Ogni artista ritratto sei volte. Lo stesso volto, la stessa persona vista, sentita e proposta in modi completamente differenti. In questo modo s’innesca un continuo gioco di specchi dove l’immagine riflessa si tramuta continuamente in qualcosa di inaspettato. Con le loro opere, infatti, i sei artisti non svelano l’identità di chi ritraggono. Nelle diverse interpretazioni del medesimo soggetto paiono addirittura scardinarne ogni elemento di definizione.
Nella serialità delle opere esposte da ogni artista – fotografiche, pittoriche o digitali che siano – ciò che più emerge è paradossalmente la personalità di chi ritrae piuttosto che quella di chi è ritratto.
È attraverso questa ripetuta visione degli altri che possiamo comprendere ogni autore, più che con le icone nelle quali si trova rappresentato. La sensazione è che l’intera operazione si sintetizzi, in definitiva, in sei organici autoritratti dove protagonista risulta essere la percezione dell’altro e, di riflesso, anche di se stesso.
Fondamentalmente esteta si rivela, nei suoi lavori, Aldo Ghirardello (Vicenza, 1963). Tele ovali che accompagnano la forma stessa dei volti, monocromatiche, basate su tinte arancioni, gialle, verdi. L’artista sceglie di velare i ritratti con una trama di delicati motivi decorativi. Un’operazione concettualmente simile, ma formalmente molto diversa, è anche quella proposta da Piermario Ciani (Bertiolo, 1951). L’artista focalizza tutta la sua attenzione sullo sguardo di chi ha di fronte, inserendolo in una sorta di mascherina rettangolare, chiusa dentro un labirinto grafico alfanumerico – quello del codice fiscale – che riduce l’identità a una cifra digitale.
Completamente diversi i ritratti di Emanulea Biancuzzi (Cividale, 1970).

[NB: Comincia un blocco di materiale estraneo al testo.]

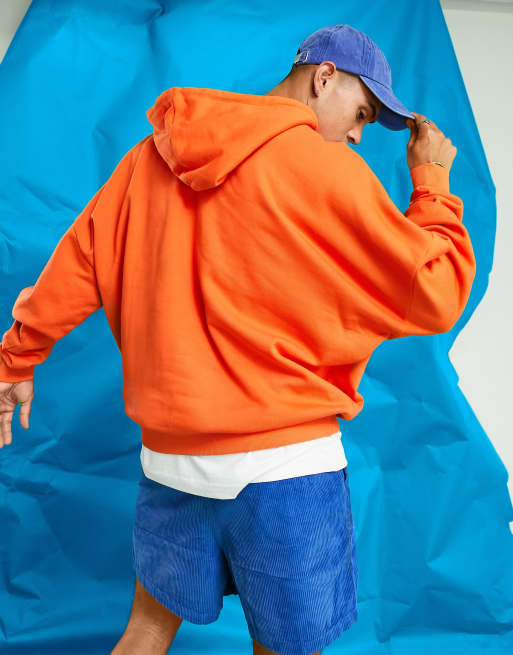 ASOS DESIGN oversized hoodie in orange with skate back and sleeve Very well made.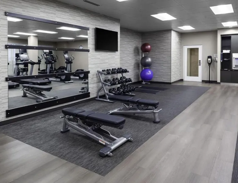 Comfortable Accommodations: Residence Inn by Marriott St. Louis West County in Saint Louis offers family rooms with air-conditioning, private bathrooms, and free WiFi. Each room includes a bath, hairdryer, sofa bed, seating area, TV, and wardrobe. Exceptional Facilities: Guests can enjoy a fitness center, indoor swimming pool, and on-site restaurant serving American breakfast. Additional amenities include a 24-hour front desk, paid on-site parking, and free toiletries. Prime Location: Located 19 mi from St. Louis Lambert International Airport, the hotel is near attractions such as Grant's Farm (9.9 mi), St. Louis Zoo (11 mi), and Six Flags Over Mid-America (18 mi). Highly rated for room cleanliness, staff, and breakfast. The suite offers air conditioning, a seating area, as well as a private bathroom boasting a bath and a hairdryer. The suite features a wardrobe, a safe deposit box, a sofa, a carpeted floor and a flat-screen TV.

Disordinati e allo stesso tempo scientifici, colorati e divertenti, sono un vero e proprio collages di disegni, frasi e simboli assemblati dall’artista solo dopo una meticolosa indagine psicologica sui suoi personaggi.

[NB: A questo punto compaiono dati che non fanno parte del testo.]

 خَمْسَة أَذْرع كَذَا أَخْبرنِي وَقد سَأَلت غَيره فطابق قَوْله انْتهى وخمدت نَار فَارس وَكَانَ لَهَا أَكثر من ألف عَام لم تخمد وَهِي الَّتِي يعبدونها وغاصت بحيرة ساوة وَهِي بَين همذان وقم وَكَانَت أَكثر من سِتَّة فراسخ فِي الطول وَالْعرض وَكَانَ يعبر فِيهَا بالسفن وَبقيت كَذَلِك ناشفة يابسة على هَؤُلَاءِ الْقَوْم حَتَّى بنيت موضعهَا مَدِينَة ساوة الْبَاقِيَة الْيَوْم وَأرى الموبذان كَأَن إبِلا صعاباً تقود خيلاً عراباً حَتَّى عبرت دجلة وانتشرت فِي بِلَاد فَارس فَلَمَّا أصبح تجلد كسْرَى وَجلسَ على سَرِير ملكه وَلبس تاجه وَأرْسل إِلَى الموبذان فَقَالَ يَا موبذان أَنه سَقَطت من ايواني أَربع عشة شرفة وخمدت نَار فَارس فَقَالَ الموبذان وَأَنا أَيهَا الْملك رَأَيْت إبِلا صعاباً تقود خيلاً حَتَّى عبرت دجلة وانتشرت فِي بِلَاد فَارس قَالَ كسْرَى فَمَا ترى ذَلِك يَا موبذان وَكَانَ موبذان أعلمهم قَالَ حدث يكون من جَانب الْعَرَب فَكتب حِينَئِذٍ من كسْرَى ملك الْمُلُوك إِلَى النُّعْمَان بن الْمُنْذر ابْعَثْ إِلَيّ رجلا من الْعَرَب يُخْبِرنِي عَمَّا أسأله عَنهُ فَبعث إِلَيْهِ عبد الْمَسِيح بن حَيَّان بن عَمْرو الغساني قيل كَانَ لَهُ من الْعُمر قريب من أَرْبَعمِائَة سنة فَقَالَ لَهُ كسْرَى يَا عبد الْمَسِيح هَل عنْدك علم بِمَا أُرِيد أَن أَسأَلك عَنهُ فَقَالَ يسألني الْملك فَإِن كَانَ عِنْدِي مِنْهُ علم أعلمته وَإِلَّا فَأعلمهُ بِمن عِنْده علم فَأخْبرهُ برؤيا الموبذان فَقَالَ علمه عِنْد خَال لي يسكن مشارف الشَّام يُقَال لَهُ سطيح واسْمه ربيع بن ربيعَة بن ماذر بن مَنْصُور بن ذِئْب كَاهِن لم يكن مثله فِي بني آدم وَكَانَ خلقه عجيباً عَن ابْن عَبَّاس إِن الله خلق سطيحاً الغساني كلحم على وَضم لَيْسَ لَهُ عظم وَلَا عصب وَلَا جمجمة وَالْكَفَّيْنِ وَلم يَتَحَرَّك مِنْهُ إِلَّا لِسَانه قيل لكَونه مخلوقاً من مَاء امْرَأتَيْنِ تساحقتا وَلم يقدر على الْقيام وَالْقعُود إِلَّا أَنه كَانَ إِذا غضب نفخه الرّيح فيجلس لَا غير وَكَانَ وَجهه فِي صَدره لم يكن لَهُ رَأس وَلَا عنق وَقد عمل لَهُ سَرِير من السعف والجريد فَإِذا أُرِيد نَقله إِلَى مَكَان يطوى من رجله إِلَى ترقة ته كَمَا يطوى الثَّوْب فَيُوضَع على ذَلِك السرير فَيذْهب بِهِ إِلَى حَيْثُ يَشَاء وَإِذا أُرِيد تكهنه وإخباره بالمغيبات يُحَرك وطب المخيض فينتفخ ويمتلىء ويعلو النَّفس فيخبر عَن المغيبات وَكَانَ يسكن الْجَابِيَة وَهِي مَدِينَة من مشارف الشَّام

Per il mezzo fotografico hanno optato, infine, Debora Vrizzi (Cividale, 1975) e Walter Criscuoli (Udine, 1958). Medesimo strumento ma risultati formalmente opposti. Alla nitidezza e al senso di confortante intimità presente nelle immagini della prima, infatti, si contrappongono le figure sfocate e mosse di Criscuoli che, ancora una volta, nega all’osservatore qualsiasi certezza.